Biography

Eric Nelson is Professor of Government at Harvard University. His research focuses on the history of political thought in early-modern Europe and America, and on the implications of that history for debates in contemporary political theory.

Particular interests include the history of republican political theory, the reception of classical political thought in early-modern Europe, theories of property, and the philosophy of Thomas Hobbes.

Nelson is the author of The Hebrew Republic: Jewish Sources and the Transformation of European Political Thought (Harvard/Belknap, 2010) and The Greek Tradition in Republican Thought (Cambridge University Press, 2004), as well as editor of Hobbes's translations of the Iliad and Odyssey for the Clarendon Edition of the Works of Thomas Hobbes (The Clarendon Press, Oxford, 2008). His essays have appeared in a wide range of scholarly journals and edited volumes.
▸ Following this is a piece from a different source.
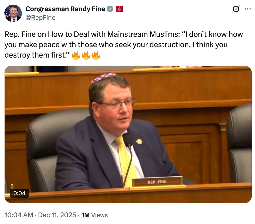 Far-right GOP Congressman Randy Fine really said this. And he was so proud of it that he tweeted it out, too.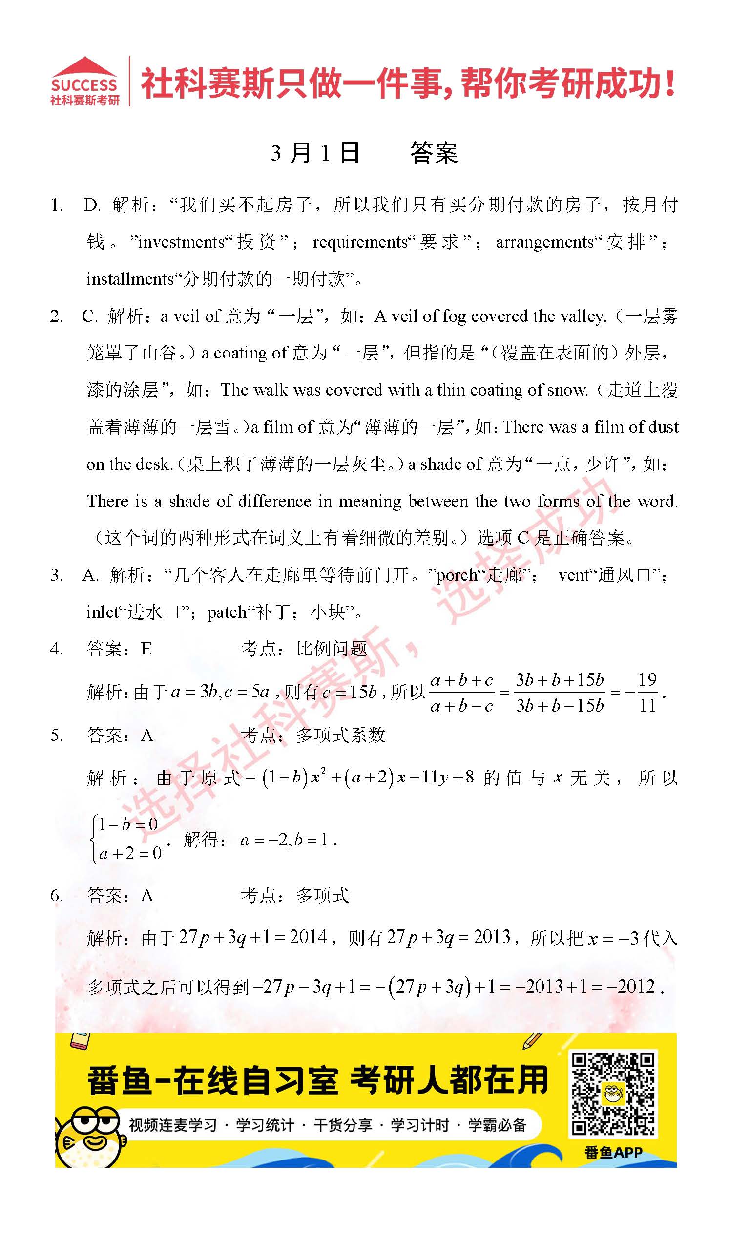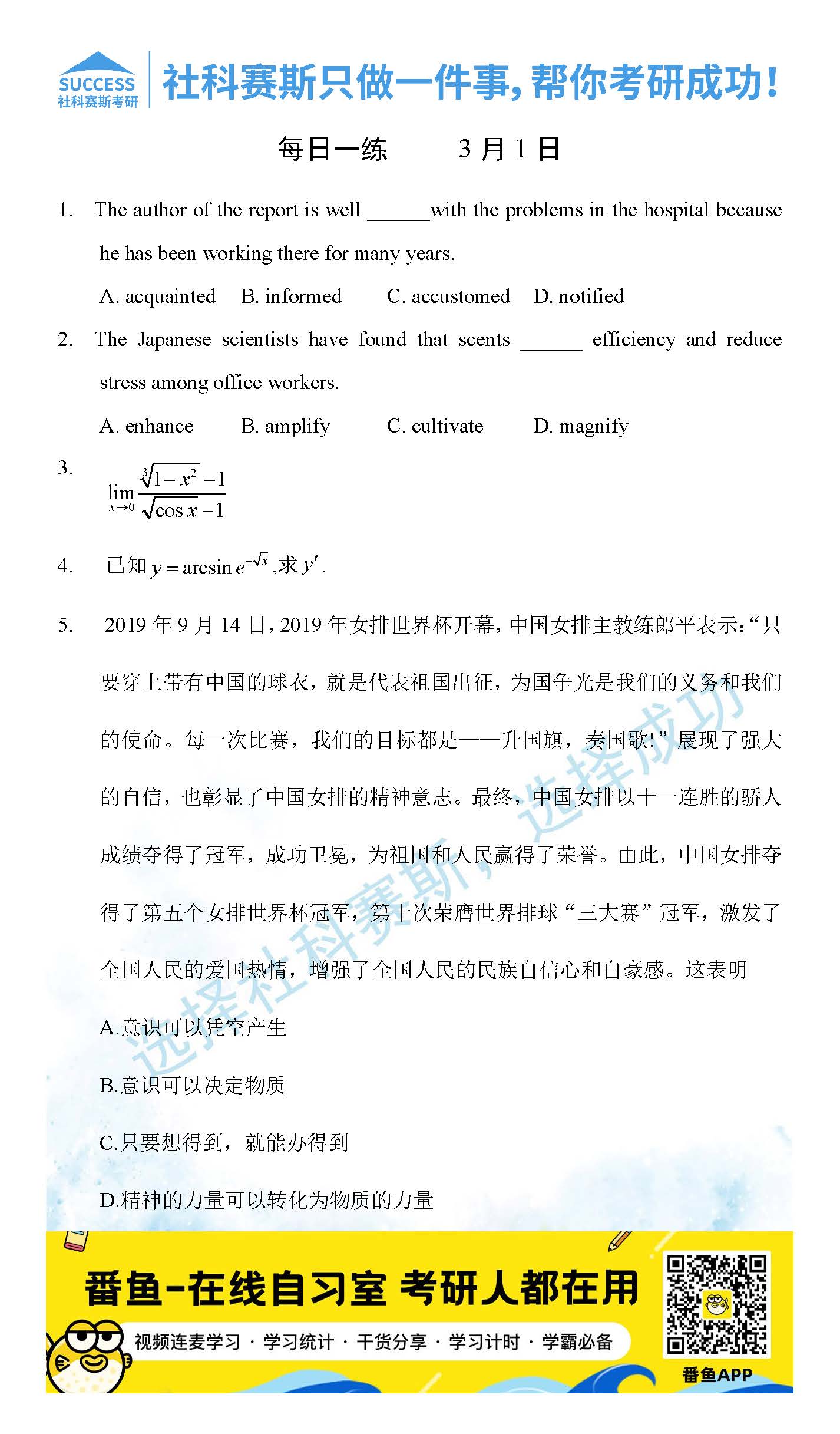 以上就是社科賽斯考研網小編為大家整理2022考研每日一練:3月1日每日一練及答案的全部內容,希望各位考生堅持利用起來,更多每日一練內容請持續關注社科賽斯考研網

Nelson received his AB summa cum laude from Harvard University (1999) and his PhD from The University of Cambridge (2002). He has been awarded fellowships by the John Simon Guggenheim Memorial Foundation and the American Council of Learned Societies. He has also been a Junior Fellow in the Harvard Society of Fellows, a Fellow of Trinity College, Cambridge, and a British Marshall Scholar. 

He is currently at work on a study of the political thought of the American Revolution, as well as a long-term project on property rights and the theory of justice.